Description of problem: Overcloud deployment fails on nodes with 4G of RAM with Unable to write image to /tmp/ec6cd4ad-e2ec-4f3a-a3fb-7b01a87440c1. Error: [Errno 28] No space left on device. It looks that /tmp is backed by the root tmpfs so if the image is filling up the free memory then deployment fails with no space left on device Version-Release number of selected component (if applicable): rhosp-director-images-14.0-20180713.3.el7ost.noarch How reproducible: 100% Steps to Reproduce: 1. Deploy OSP14 virtual env with 4G of RAM overcloud nodes Actual results: Nodes provisioning fails with /var/log/containers/ironic/ironic-conductor.log showing Error: [Errno 28] No space left on device Expected results: Deployment succeeds without issues. Additional info: This is a regression compared to OSP13 where we didn't see this behavior.

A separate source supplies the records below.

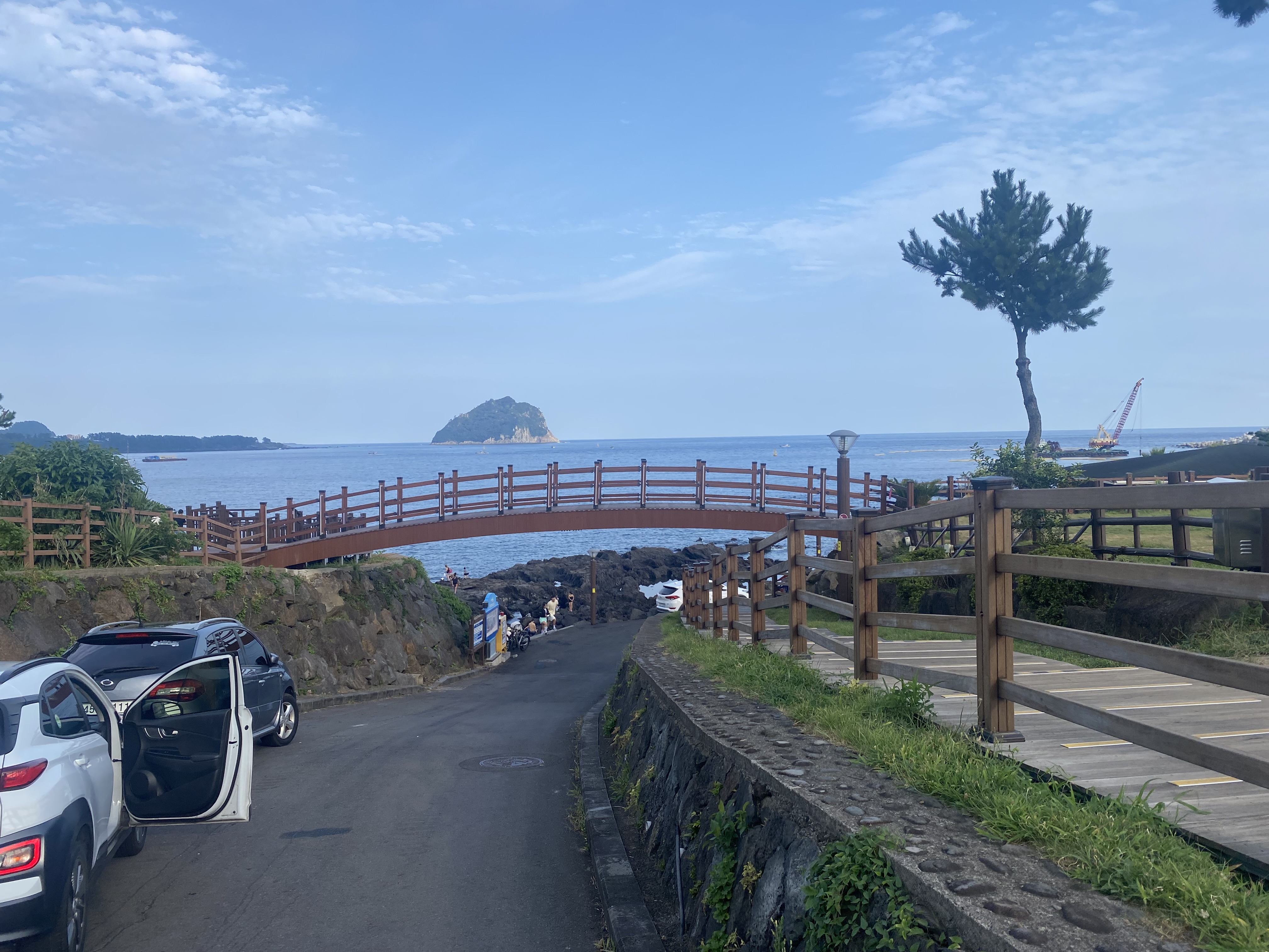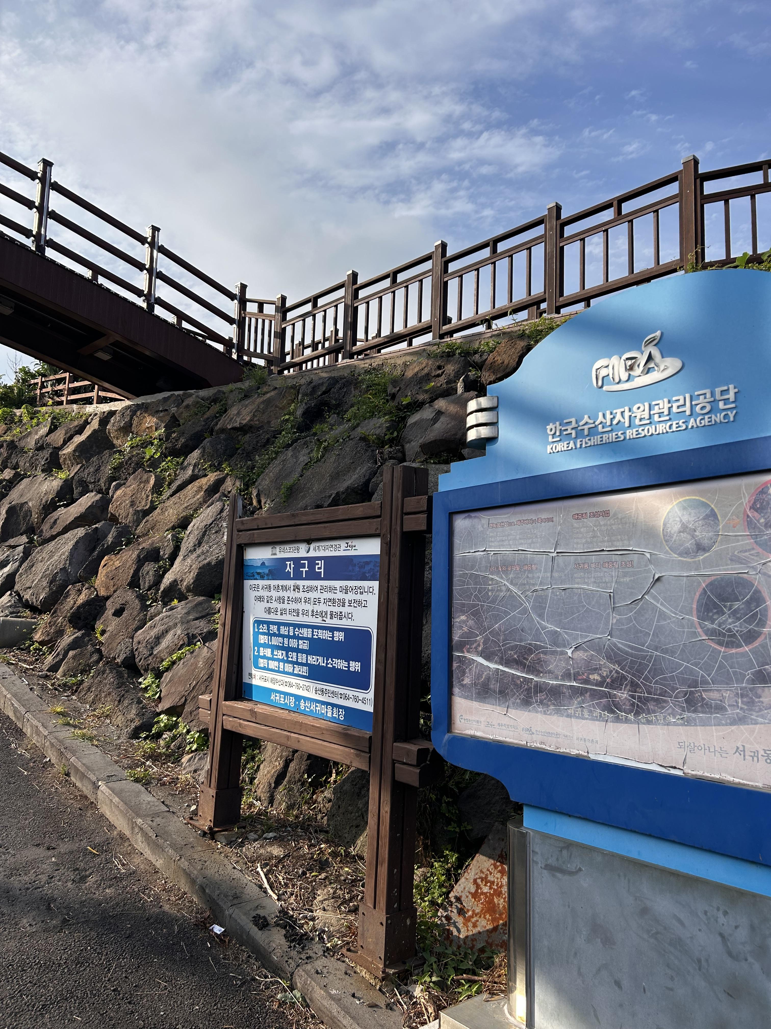 간 곳은 '자구리 담수욕장'인데 사전 정보 일체 모르고 사진상에 보이는 다리와 바다 뷰가 너무 아름다웠습니다. 사진으로는 표현이 안되어있지만 아래쪽이 급경사로 쭉 내려가는 길이어서 끝에는 뭐가 있는지 알 수 없는 곳이라 호기심이 생겼답니다. 거기다 아이들과 동행한 가족들이 물놀이를 즐기는 듯한 모습이 보여서 아들도 물놀이 소식에 급 흥분을~!!!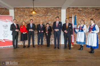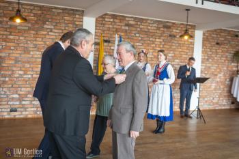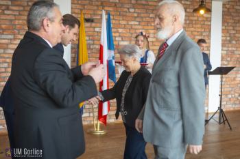 Medale, listy gratulacyjne oraz kwiaty i życzenia mieszkańcom Miasta Gorlice wręczyli Burmistrz Rafał Kukla, Przewodniczący Rady Miasta Robert Ryndak, Zastępca Burmistrza Sebastian Puchajda, Sekretarz Miasta Daniel Janeczek oraz Kierownik Urzędu Stanu Cywilnego i Spraw Obywatelskich w Gorlicach Małgorzata Bałajewicz.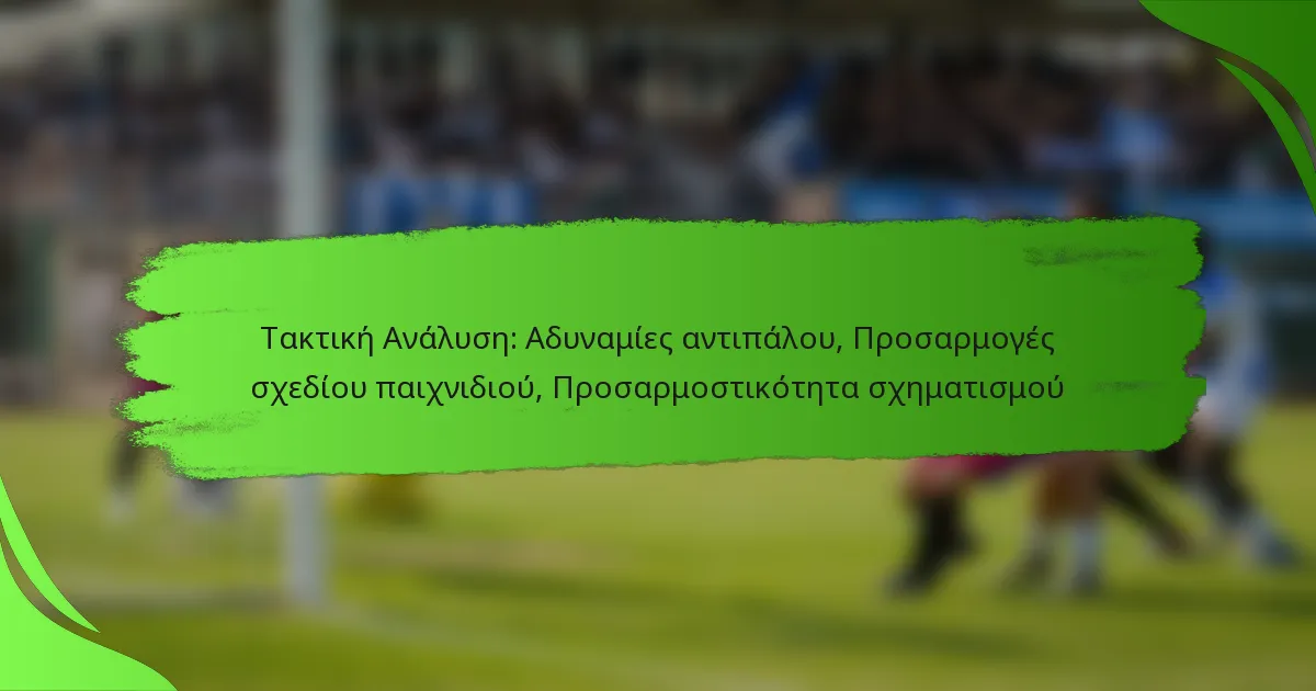 Η ανάλυση των αδυναμιών των αντιπάλων είναι κρίσιμη για την αποτελεσματική προσαρμογή τακτικών. Η παρατήρηση του πώς η αντίπαλη ομάδα αντιδρά σε διάφορους σχηματισμούς μπορεί να παρέχει πληροφορίες για τις ευπάθειές τους. Για παράδειγμα, αν ένας αντίπαλος δυσκολεύεται απέναντι σε υψηλή πίεση, η εφαρμογή ενός πιο επιθετικού σχηματισμού μπορεί να αποφέρει καλύτερα αποτελέσματα.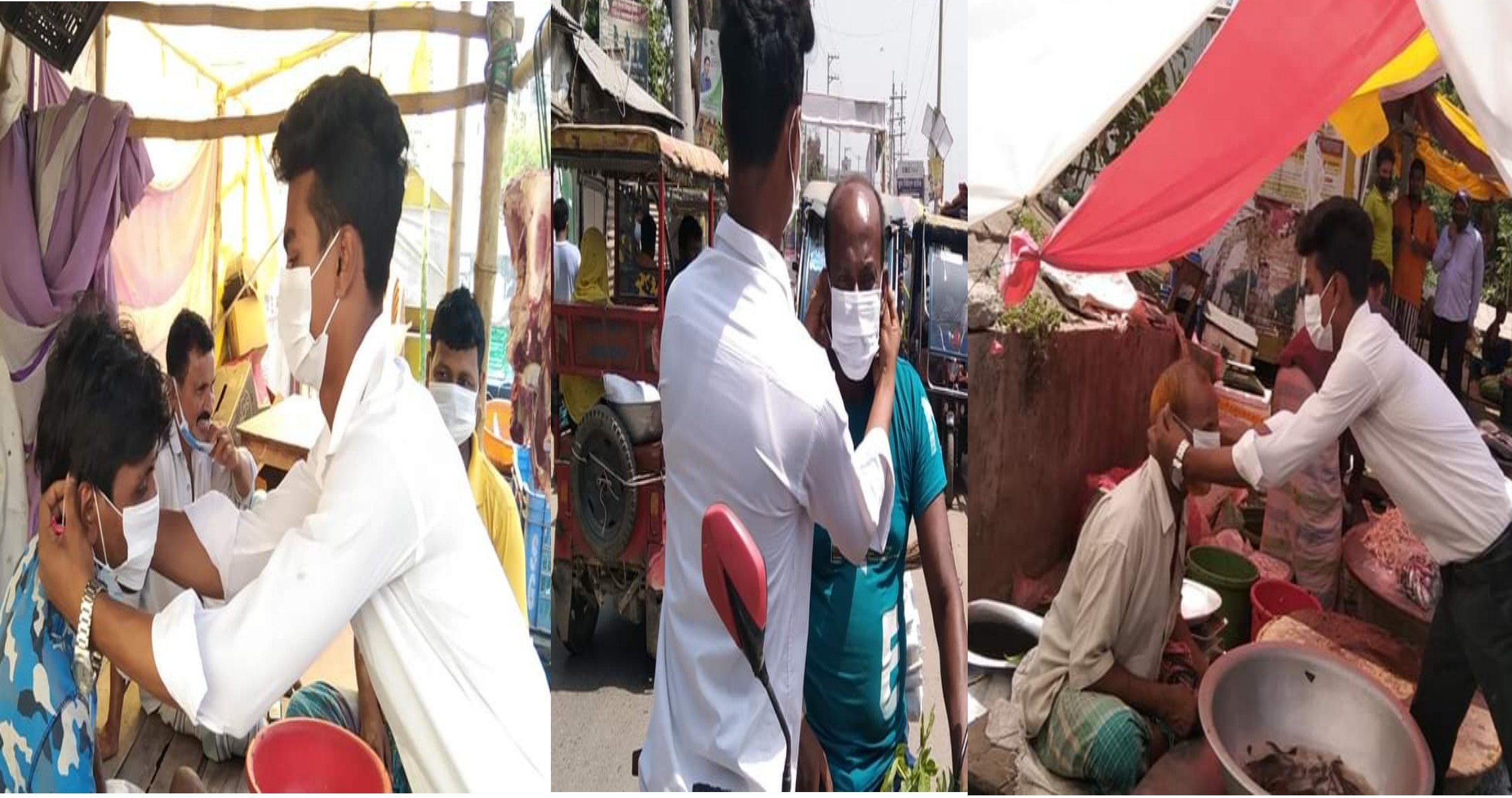 এসময় সবজি বিক্রেতা, গাড়ি চালক, পথচারী সহ বিভিন্ন শ্রেণীপেশার মানুষের মধ্যে বিনামূল্যে মাস্ক ও সাবান বিতরণ করা হয়।

If it is expected we need to make sure it is properly documented.
As Marius pointed out, this looks similar to https://bugs.launchpad.net/ironic-python-agent/+bug/1661328 TheJulia bfournier, yup, it is totally valid too and the only way around it is to use a raw file type, not qcow2 raw gets streamed out. alternatively iscsi deploy is another option since it does not get held in memory on the node being deployed bfournier mcornea: are we using a different file type in 14 or⦠TheJulia bfournier, I suspect the default to direct deploy.. mcornea bfournier: TheJulia ok, so I can confirm that it passed after increasing the ceph memory from 4G to 6G
The direct deploy RFE is here - https://bugzilla.redhat.com/show_bug.cgi?id=1477713. Not sure if related or not.
Yes, I think it's because of the direct deploy. The options are: 1. Recommend low memory deployments with IronicDefaultDeployInterface=iscsi 2. Revert the default to iscsi, allow high-scale deployments to override 3. Store images as RAW to allow their streaming right to the disk (probably too late for Rocky, also will consume undercloud space). Discussed with shardy, he votes for #2. We can revisit the default again for Stein if bug 1607779 helps with streaming images. Ramon, thoughts?
I am voting for #2 as well. We want to have minimum requirements and low barrier entry for director node. If user wants to go big in production, then they should tweak config to allow so.
Jarda, this conversation is not quite about production, IIRC we don't support nodes with less than 8 GiB (12 or even 16 in practice). But I do agree with making it opt-in for now.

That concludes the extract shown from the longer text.